Recorded information
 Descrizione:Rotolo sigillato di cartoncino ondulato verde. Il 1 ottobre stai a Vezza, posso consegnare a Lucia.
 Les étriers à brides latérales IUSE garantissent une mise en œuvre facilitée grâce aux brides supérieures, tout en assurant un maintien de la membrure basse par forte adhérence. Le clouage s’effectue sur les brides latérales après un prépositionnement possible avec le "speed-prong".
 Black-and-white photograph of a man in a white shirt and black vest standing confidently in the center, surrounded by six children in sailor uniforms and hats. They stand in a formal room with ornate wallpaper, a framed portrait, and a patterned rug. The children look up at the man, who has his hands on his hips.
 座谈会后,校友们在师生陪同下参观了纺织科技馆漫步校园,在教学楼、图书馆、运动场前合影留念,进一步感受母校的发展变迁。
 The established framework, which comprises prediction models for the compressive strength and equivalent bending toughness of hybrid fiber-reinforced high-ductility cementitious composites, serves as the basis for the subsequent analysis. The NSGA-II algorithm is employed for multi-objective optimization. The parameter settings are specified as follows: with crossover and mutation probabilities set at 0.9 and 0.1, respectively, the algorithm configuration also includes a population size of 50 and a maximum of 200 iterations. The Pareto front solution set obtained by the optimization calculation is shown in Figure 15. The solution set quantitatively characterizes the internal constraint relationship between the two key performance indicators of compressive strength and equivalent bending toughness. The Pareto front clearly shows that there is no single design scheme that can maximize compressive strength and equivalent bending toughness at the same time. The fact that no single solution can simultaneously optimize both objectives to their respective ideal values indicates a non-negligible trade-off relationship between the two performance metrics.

* * *

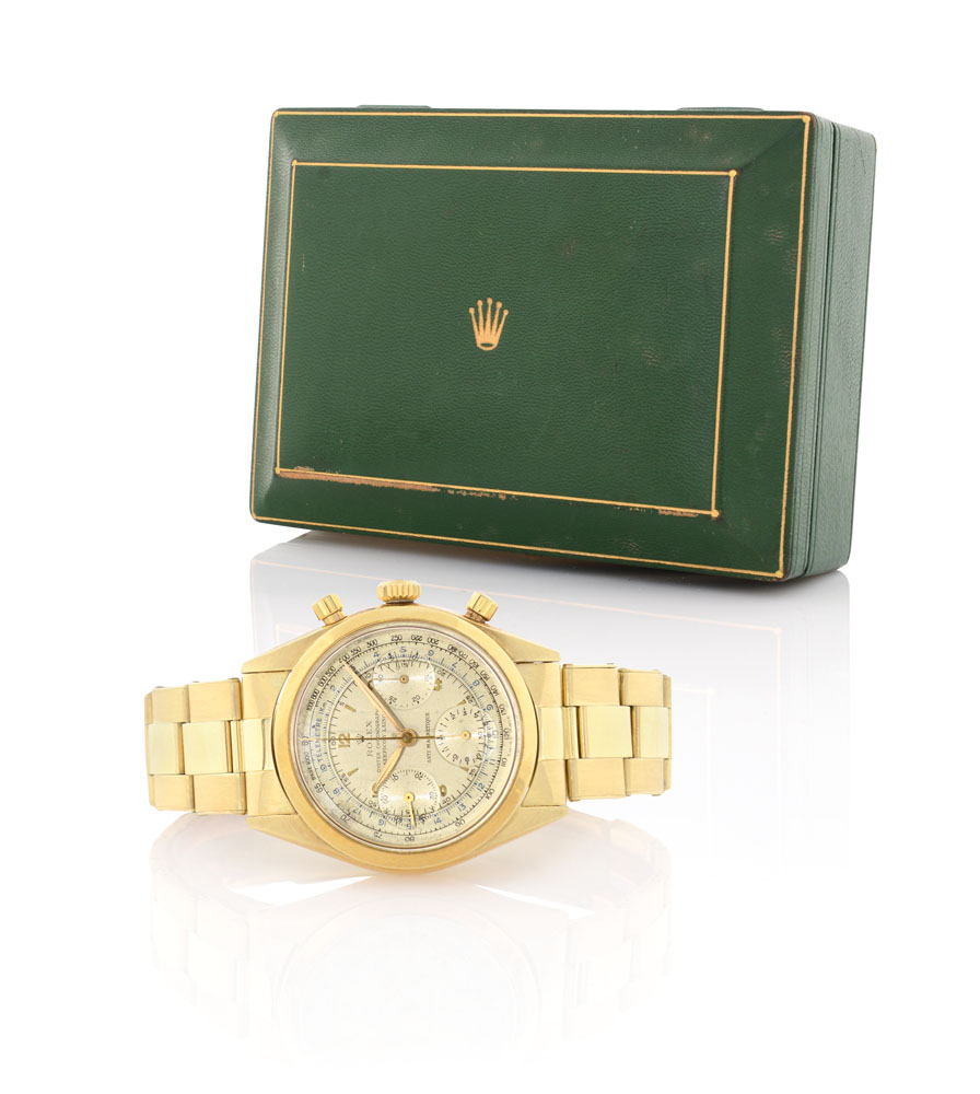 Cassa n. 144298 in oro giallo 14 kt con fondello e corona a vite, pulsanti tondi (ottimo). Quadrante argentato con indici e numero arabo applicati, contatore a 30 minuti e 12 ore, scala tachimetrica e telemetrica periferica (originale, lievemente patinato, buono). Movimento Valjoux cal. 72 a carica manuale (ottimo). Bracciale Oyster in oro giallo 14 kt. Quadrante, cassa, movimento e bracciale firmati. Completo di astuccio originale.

---

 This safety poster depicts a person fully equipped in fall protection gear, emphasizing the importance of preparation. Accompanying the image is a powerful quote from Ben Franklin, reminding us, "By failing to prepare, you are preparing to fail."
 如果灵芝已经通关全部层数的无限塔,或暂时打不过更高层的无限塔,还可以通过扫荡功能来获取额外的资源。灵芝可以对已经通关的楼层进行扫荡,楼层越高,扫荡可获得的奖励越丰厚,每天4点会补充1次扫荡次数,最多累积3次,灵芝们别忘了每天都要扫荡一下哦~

Work instructions
Where the string "with" occurs in a line of the listing, copy the line.

Exercise response
 Black-and-white photograph of a man in a white shirt and black vest standing confidently in the center, surrounded by six children in sailor uniforms and hats. They stand in a formal room with ornate wallpaper, a framed portrait, and a patterned rug. The children look up at the man, who has his hands on his hips.
 The established framework, which comprises prediction models for the compressive strength and equivalent bending toughness of hybrid fiber-reinforced high-ductility cementitious composites, serves as the basis for the subsequent analysis. The NSGA-II algorithm is employed for multi-objective optimization. The parameter settings are specified as follows: with crossover and mutation probabilities set at 0.9 and 0.1, respectively, the algorithm configuration also includes a population size of 50 and a maximum of 200 iterations. The Pareto front solution set obtained by the optimization calculation is shown in Figure 15. The solution set quantitatively characterizes the internal constraint relationship between the two key performance indicators of compressive strength and equivalent bending toughness. The Pareto front clearly shows that there is no single design scheme that can maximize compressive strength and equivalent bending toughness at the same time. The fact that no single solution can simultaneously optimize both objectives to their respective ideal values indicates a non-negligible trade-off relationship between the two performance metrics.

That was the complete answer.